▸ PROVIDED MATERIAL:
>>>

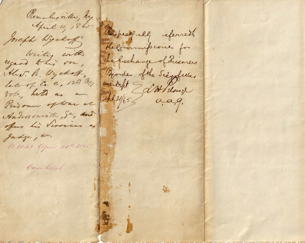 From the timing, it is unlikely that the letter ever got to Lincoln, but rather was processed by the President’s staff in the days following the assassination. The letter does, however, appear to have been read by the Secretary of War, Stanton, who Wyckoff, in his letter, implies might have been soft on corruption, though facts do not bear this out. Docketing at the end of the letter reads “W1043 April/65” (the President’s staff may have recorded correspondence alphabetically according to the last name of the writer). The letter also comes with a folded piece of ledger paper that reads “Romulusville, NY/ April 12, 1865/ Joseph Wyckoff/ Writes with regard to his son, Alex. B. Wyckoff late of Co. C. 126 NY Vol. Held as a Prisoner of War at Andersonville, Ga and offers his services as judge, etc.” On the back of the ledger paper it reads “Respectfully referred to the Commissioner for the Exchange of Prisoners By order of the Secy of War, War Dept. April 21/65 – L[ewis] H Pelouze/A.A.G.”
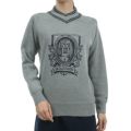 商品説明 ヴィンテージ感溢れるデザインのエンブレムロゴVネックセーター。 首に沿ったシャープなVネックが特徴で、ジャカードで表現した掠れたエンブレムが目を引きます。 中肉のセーターは肌寒い季節に最適です。
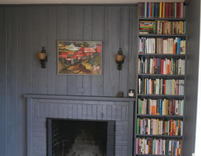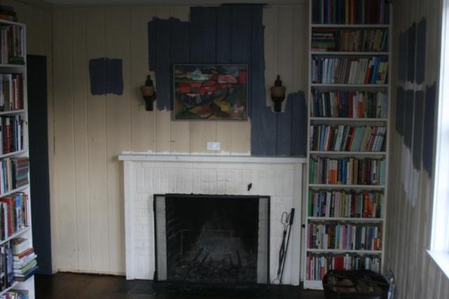There was a bit of a delay actually getting around to the chore of painting. By the time we got serious about it, we felt that our plans for renovation might happen sooner rather than later, so why bother painting? One thing led to another, or in this case didn’t lead to another and here we are two years later with the same damn sample colors painted on the walls. And now we have delayed our project until about January of next year. So even though we have lived with the kooky library walls for two years, I decided I didn’t want to look at them for another year.
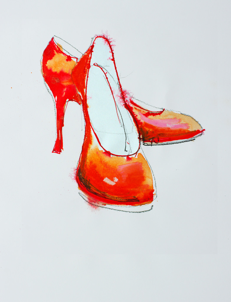 Red Shoes – Sketched with a charcoal pencil then colored with a red, orange and pink crayon. After the crayon was applied, a wet 1/2″ brush was used to dissolve and blend the colors. Finally a few red ink lines were drawn on and sprayed with a mist of water.

<<<

▸ WORK ORDER: Take the listing above and restate it word for word, without its pictures.

▸ RESPONSE FOR THIS EXERCISE:
 From the timing, it is unlikely that the letter ever got to Lincoln, but rather was processed by the President’s staff in the days following the assassination. The letter does, however, appear to have been read by the Secretary of War, Stanton, who Wyckoff, in his letter, implies might have been soft on corruption, though facts do not bear this out. Docketing at the end of the letter reads “W1043 April/65” (the President’s staff may have recorded correspondence alphabetically according to the last name of the writer). The letter also comes with a folded piece of ledger paper that reads “Romulusville, NY/ April 12, 1865/ Joseph Wyckoff/ Writes with regard to his son, Alex. B. Wyckoff late of Co. C. 126 NY Vol. Held as a Prisoner of War at Andersonville, Ga and offers his services as judge, etc.” On the back of the ledger paper it reads “Respectfully referred to the Commissioner for the Exchange of Prisoners By order of the Secy of War, War Dept. April 21/65 – L[ewis] H Pelouze/A.A.G.”
 商品説明 ヴィンテージ感溢れるデザインのエンブレムロゴVネックセーター。 首に沿ったシャープなVネックが特徴で、ジャカードで表現した掠れたエンブレムが目を引きます。 中肉のセーターは肌寒い季節に最適です。
There was a bit of a delay actually getting around to the chore of painting. By the time we got serious about it, we felt that our plans for renovation might happen sooner rather than later, so why bother painting? One thing led to another, or in this case didn’t lead to another and here we are two years later with the same damn sample colors painted on the walls. And now we have delayed our project until about January of next year. So even though we have lived with the kooky library walls for two years, I decided I didn’t want to look at them for another year.
 Red Shoes – Sketched with a charcoal pencil then colored with a red, orange and pink crayon. After the crayon was applied, a wet 1/2″ brush was used to dissolve and blend the colors. Finally a few red ink lines were drawn on and sprayed with a mist of water.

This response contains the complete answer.